La testimonianza colpisce ovviamente non solo per l'epilogo terribile che la vicenda porta con sé, ma anche che cosa significa per una donna subire in silenzio, angherie, violenze nell'anima oltre che nel corpo, che creano ferite e lividi magari non visibili e per questo non considerati tali dalla giustizia. Una giustizia della quale ci stupiscono sempre più spesso troppe inadempienze, troppe inadeguatezze, troppa lentezza, nonostante riforme che vogliono presentarsi come innovative e parametro di garanzia di tutela per i cittadini. Quello che rimane oggi è semplicemente una mamma che per 14 mesi non ha visto il figlioletto per il quale diceva "ce la faccio, ce la devo fare perchè voglio rivedere mio figlio piccolo. Lui ha bisogno della sua mamma" e non ha potuto riabbracciarlo prima di morire. Ci sforziamo di trovare parole ma sono troppo piccole nonostante siano dense di dolore ed emozione come quelle che pubblichiamo integralmente nella pagina Facebook del centro Save, costantemente al fianco di tutte, tente donne che chiedono aiuto.

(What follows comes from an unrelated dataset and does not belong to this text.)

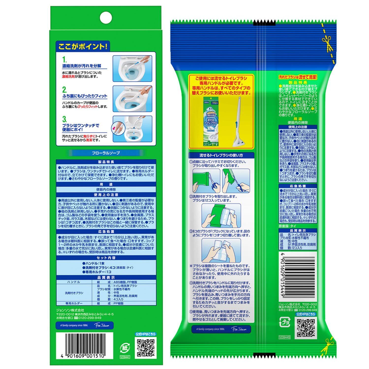 スクラビングバブル (Scrubbing Bubbles) 流せるトイレブラシ フローラルソープの香り 本体+付け替え16個 (本体付属4個+付替品12個) 黒ズミ ブラシ 使い捨て 洗剤 まとめ買い

Cara L. Quando ti abbiamo vista arrivare eri così misurata nel tuo dolore, timorosa nel chiedere aiuto. Ci hai raccontato delle ingiustizie che subivi in casa, della tua sofferenza, di come la nascondevi per sembrare una mamma forte per i tuoi figli. Pian piano ti sei affidata, hai cominciato a lottare per uscirne, hai cominciato a credere che la vita ti avrebbe dovuto restituire qualcosa di bello. Una volta, cara L., hai portato delle piantine colorate, simbolo di lotta e rinascita, un quadretto dipinto a mano da tua figlia e tanti sorrisi che finalmente cominciavano a sbocciare. Sei dovuta andare lontano perché avevi scoperto un brutto male e nonostante tutto i tuoi messaggi erano di speranza. Dicevi "ce la faccio, ce la devo fare perchè voglio rivedere mio figlio piccolo. Lui ha bisogno della sua mamma". Il tuo ultimo messaggio è stato per tutte le donne che vivono ingabbiate nella violenza, affinché loro possano trovare il modo di sentirsi finalmente libere. Bella tu, la vita non ti ha restituito il tempo perduto, ma a noi hai lasciato un esempio di dignità, forza, dolcezza infinita. Conserveremo un posto speciale per te, ti racconteremo come si raccontano ai bambini e alle bambine le imprese dei supereroi."